Remember all the good times as Natasha was growing up?  The school events? The birthday parties?  Girl Scouts?  The vacations?  You even got me to go on a cruise… twice.  We were so proud when Natasha graduated high school, when she was accepted to college as a pre-Pharmacy student.  Remember her first graduation with her undergraduate degree in 2010.  You had just been diagnosed with cancer the previous October and your greatest fear was that you would not live to see it because the doctor only gave you 3-6 months to live back then, but you did live to see her graduate.  You fought a hard battle just like your mom.  You fought hard enough to be able to celebrate our daughter graduating from Pharmacy school with her PhD last June, almost three years after your first diagnosis.

There was so much more you wanted to celebrate.  So much more that you will never get to see, at least not from this life.  You made me promise to watch over Natasha and I suspect you made Natasha promise to watch over me because we are all we have left.

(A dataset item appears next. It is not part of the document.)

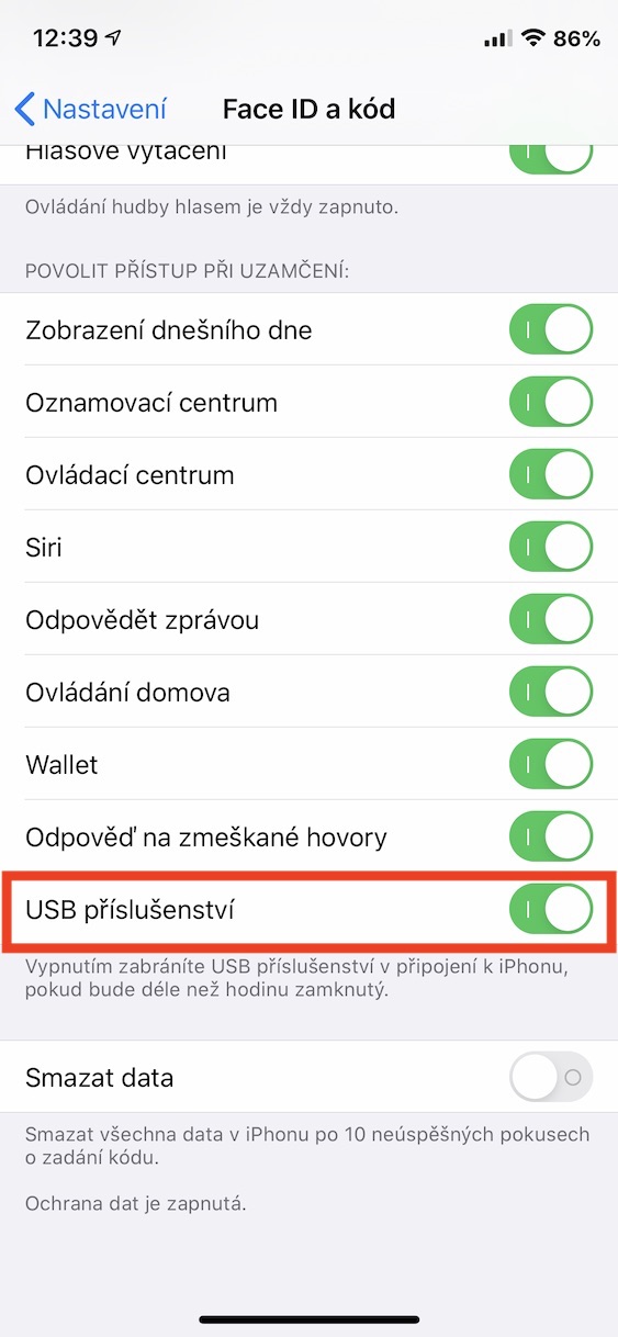 Pokud necháte váš iPhone připojený k USB, tak jej vystavujete nebezpečí. Právě připojením USB se může uživatel „dostat“ do iPhonu. Pokud takto připojený iPhone necháte někde položený, tak by toho mohl kdokoliv zkušený zneužít. Zároveň je nutné, abyste na vašem iPhonu aktivovali bezpečnostní opatření, které na uzamčené obrazovce zakáže připojení USB zařízení. Toho docílíte tak, že na iPhonu přejdete do nativní aplikace Nastavení, kde níže rozkliknete možnost Face ID a kódový zámek, popřípadě Touch ID a kódový zámek. Zde už poté stačí níže v sekci Povolit přístup při uzamčení deaktivovat možnost USB příslušenství.

We had your body cremated just like you wanted.  We found a really nice urn.  It does not look like an urn.  It is more like a Tiffany box.  We know how much you liked Tiffany lights and the Tiffany shades we had for the living room lights.  Actually Natasha spotted it and thought you would like it.  We also got what they call a Keepsake.  It is a small butterfly about 5 inches tall standing on a small rock that contains a few of your ashes.  The butterfly’s wings are also Tiffany glass.  If it is ok with you, we would like to think of those wings as the wings of the angel that you now are.

Later today, I will stop by the funeral home to bring you home.  I have a spot on the fireplace mantel all set aside for you with a picture of your parents on one side and a picture of Natasha and me on the other.  You will be with family again, like you always wanted.

We will always love you and remember you Susan.  Forever.